Slumdog Millionaire is introducing Americans, and probably much of the world, to modern India. The rich portrait of Mumbai shows some of the chaos and vibrancy of this astonishing country. Less noticed were that two Oscar nominees for documentary shorts – Smile Puki and The Final Inch – which also showed other sides of India. Both were about public health care, for cleft palate and polio respectively, but they show how progress is being made on many fronts. That all three of these films were made by foreigners, even though Bollywood is known as the world’s largest film producer, is part of the conundrum of modern India.
However, less obvious is the dynamism of this amazing nation with its economy growing at over 7 percent annually. Two recent news stories talk about how India is resisting the global downturn better than most countries. There are varying theories about the cause, but what’s undeniable is that India is becoming a global player.
This from today’s New York Times:
India’s trillion-dollar economy remains a relative bright spot, some say, in part because the country’s bureaucracy and its protectionist polices have kept it insulated from the fallout of the global downturn…
The market capitalization of the State Bank of India recently surpassed that of Citigroup, a fact heralded by the local media….
India added 15.4 million cellphone users in January, a record….
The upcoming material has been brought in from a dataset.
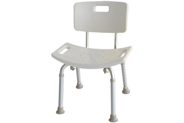 Banqueta de aluminio para ducha perteneciente a la gama INDICO, con asideros integrados en el asiento para mayor seguridad. Con respaldo incorporado.

And this from the Feb 23 issue of Newsweek:
Though it may not look it on the ground at times, India is one of the few bright spots in a global economy with decidedly dim prospects in 2009. It is forecast to grow at 5 to 6 percent this year-which is more than it averaged in the 1990s. Yes, its stock market has crashed, unemployment is spiking, swaths of the real-estate market have more than a passing resemblance to Miami Beach and it now turns out that Satyam Computer Services-one of the country’s top five IT companies-has been cooking its books. But a one-off incident of fraud in the flagship IT sector won’t knock the country off the rails. India boasts an unlikely growth driver all its own: legions of poor whose incomes have risen just enough in recent years to create powerful demands for basic goods and services.
The rise of India’s aspiring middle-a group that lives above the poverty line but hasn’t yet attained true membership in modern consumer society-is hardly a new story. But what’s surprising is the resilience of this cohort, and the extent to which it has counterbalanced the global credit crisis and the slump in the global export economy of which India is a key player…
India and China, the world’s two most populace nations, are racing for first-world status. In the long run, I think China will fall behind, not because of their very different political and economic models, but because China’s “one child” policy has put it on the same downward demographic path as Europe and Japan. In the next half century, China will grow old as its population plunges and ages. In fact, India and the U.S. may be the only major nations to not be projecting population declines.
Watching Slumdog, one gets a sense of the sensual and social chaos of India. As a friend once observed, “Whatever you see that is true about India, the opposite is also true.”
Consider:
- It is the world’s largest democracy, with a bewildering array of parties. Like America, its democracy is messy and paradoxical. This Hindu nation has the world’s second-largest Muslim population (after Indonesia).
- India is the most culturally, linguistically, and genetically diverse geographical entity after the African continent. (Wikipedia)
- There are 24 officially recognized languages, including English (all are on the currency). These are divided into two major indigenous language groups – Indo-Aryan and Dravidian (about as alike as French and Swahili), and over 1,600 dialects. When I marveled to an Indian engineer that the country could function with two dozen languages, he replied, “Oh no, there are hundreds!”
As Richard notes in another post (Flight of the Creative Class), thousands of educated Indian professionals are leaving the U.S. and going back to opportunities in their homeland. Is this brain drain a good or bad thing? What is the effect of having a large number of entrepreneurs in a growing market with connections and familiarity with America?
What do you think about India’s future? And does this look different from Canada?